だが、ここで引いては話が進まないのでアレンは構わず話を続ける。
「この際、お前の趣味嗜好は置いといてもらうぞ」
「うるさいわね。あなたの婚約者の方々をさらに美しく磨き上げるのは私の使命なのよ!!」
クリスティナの言葉にフィアーネ達は説明を求める視線をアレンに送る。
「ああ、クリスティナは基本的にお前の両親と同じタイプだ…」
「え?」
アレンの言葉にフィアーネは呆けた返事を返す。
「つまりな…お前の両親は装いを仕立てたり、装飾品を作成するだろ…」
「うん」
「クリスティナは色合いとか小物とかを合わせるいわゆるコーディネートが趣味なんだ」
アレンの言葉にフィアーネ達は困惑する。そこにアルフィスも声をかける。
「まぁ…フィアーネ嬢達も時間がある時で良いからクリスティナに付き合ってあげてくれ」
アルフィスの言葉に3人は頷く。
「よろしくお願いします」
「あ、え~と…よろしくお願いします」
「今度、アレンさんとデートするときにコーディネートお願いします」
3人はクリスティナへ伝えるとクリスティナは嬉しそうに微笑む。
「ああ~アディラ様といい、フィアーネ様といい、レミア様、フィリシア様といい…これほどの逸材が…でへへ」
クリスティナの変態親父モードが発動しかけた (というよりもしている)所をアルフィスが止める。
「まったくクリスティナは逸材を見つけるとすぐにこうなるんだよな」
アルフィスの声には苦笑未満の響きがある。未満なのはクリスティナの行動を認めているからだろう。愛のなせる業と呼んでも良いだろう。
「さて…人の目もありますから本題に入りましょうか」
先程の奇行はいきなりを収めると真面目な顔でジュセルを見やる。その変わりようにフィアーネ達は驚くがクリスティナをよく知る、アレン、アルフィス、アディラは驚かない。クリスティナが素の部分を見せるのは極々親しい者だけだ。先程のクリスティナが素であるならば、こちらのクリスティナは公爵令嬢というよそ行きだ。
「さてジュセル様ですね」
クリスティナがジュセルに声をかける。
「は、はい、ジュセル=ミルジオードと言います。よろしくお願いします」
ジュセルは立ち上がるとクリスティナに一礼する。少し、噛んだが傍目には文句の付けようのない一礼であった。
「王太子殿下、王女殿下をよろしくお願いいたします」
クリスティナは一礼と共にそう言う。するとサロンにいる生徒達の中から驚きの声が発せられる。クリスティナは国家の重鎮である宰相エルマイン公の末娘であり、王太子アルフィスの婚約者だ。貴族社会において絶大な影響力を持つ人物なのだ。その人物が一人の少年に頭を下げたのであるから驚くのも当然だった。
「ああ、頼りにしているぞジュセル」
続いてアルフィスが満面の笑みでジュセルに話す。その親しげな様子にまたも周囲の生徒達がざわめく。ここまで来ると声をかけられている少年の正体が気になるところである。
「アレン、ジュセルの腕前はどうだ?」
アルフィスがアレンに問いかける。
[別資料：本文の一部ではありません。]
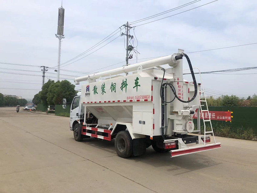 散裝飼料運輸車,散裝飼料車的飼料罐架設(shè)在卡車的底盤上,罐頂開有進料口.頂部的一根螺旋輸送卸料管(俗稱卸料絞龍)則可自由回轉(zhuǎn)和抬升,抬升的仰角可達60度。運輸時,頂部的螺旋管平臥在罐頂;卸料時則抬起,使管端的出料口與畜禽飼養(yǎng)場貯料罐頂部的進料門相接,駕駛室內(nèi)裝有操縱裝置(操縱裝置也可裝置在罐體尾部),卸料時通過車底的動力輸出軸和減速器來驅(qū)動螺旋,以完成卸料。

どうやらアレンも舞台に上がってこいと言う事のようだった。その事を察したアレンは心の中でニヤリと笑うと舞台に上がる。
「ああ、すばらしい腕前だ。『デスナイト』や『リッチ』程度ではまず相手にならんな。フィアーネもレミアもフィリシアもそう思うだろ?」
アレンの返答に何人かの生徒達は凍り付く。デスナイトやリッチというアンデッドがどのような存在か知っているのだろう。
「ええ、アレンの言う通りね」
「ええジュセルは強いわよ」
「ええ、ジュセルの実力なら文句なしです」
フィアーネ達の言葉に生徒達はざわめく。フィアーネ達が、『雪姫』、『戦姫』、『剣姫』という二つ名を持つ人物である事に気付いたのだ。
(これぐらいで良いか?)
(いや、念には念を入れて最後の釘を打っとく…)
(わかった)
アレンとアルフィスは目線を交わすと最後の釘を打ち込むことにする。
「ところでジュセル、学園に編入するにあたり、かなり環境が変わることになるが不安はないか?」
アルフィスの言葉にジュセルはアルフィスが何を言わせたいのか察する。ジュセルとてバカではない。今までの話の流れからジュセルはアレン達がどのような目的で自分を持ち上げているかどうか理解していた。いや、理解できない方が逆に問題だった。
「ええ、やはり普通の貴族の方とはかなり価値観が異なりますので上手くなじめるか心配です」
ジュセルの返答にアレンとアルフィスは心の中でニヤリと嗤う。ジュセルの察しの良さを褒めているのだ。
「心配するな。この学園にはそのような不届き者はいないよ。もし、価値観が違うと言うだけで排除の対象となった場合は私に言いなさい。きちんと教えておかないといけないからね」
アルフィスの言葉は『王家の権力を使って潰す』と宣言したに他ならない。その事に気付いた生徒達はゴクリと喉をならす。
「お前は俺の大事な仲間だ。その仲間が困っているのは見過ごせないから、何かあったら遠慮無く言ってくれ」
アレンの言葉も『アインベルク家が庇護していること』を知らしめるものであった。
「私もですわ。あなたは大事な後輩…そのあなたが困っているのなら、私も手を貸しますよ」
クリスティナも続いた。こうして、ジュセルには王家、エルマイン家、そしてアインベルク家の庇護がある事を周囲の生徒達に知らしめることに成功した。
「ありがとうございます」
ジュセルが3人にお礼を言う。全員がその様子を満足気に眺めている。
(これぐらい脅しとけば大丈夫だろう)
(ああ、これでジュセルに手を出すと言う事は王家、エルマイン家、アインベルク家を敵に回すという事が明日には知れ渡るはずだ)
アレンとアルフィスは視線を交わしながら互いに頷いた。
だが、この時の脅しが利きすぎてしまい、ジュセルに話しかけるという者がアルフィス、アディラ、クリスティナ以外にいなくなるという事にこの段階では誰も気付いていなかった。
翌日の編入した事を告げる挨拶をクラスメイトにした時に、脅しが利きすぎた事をジュセルは気付くが、すでにぼっちへの道を歩き始めた事を止めることは出来なかった。
(アレンさん、アルフィス様、クリスティナ様…脅しが利きすぎたよ)
ジュセルは自分の置かれた状況に頭を抱える事になったのであった。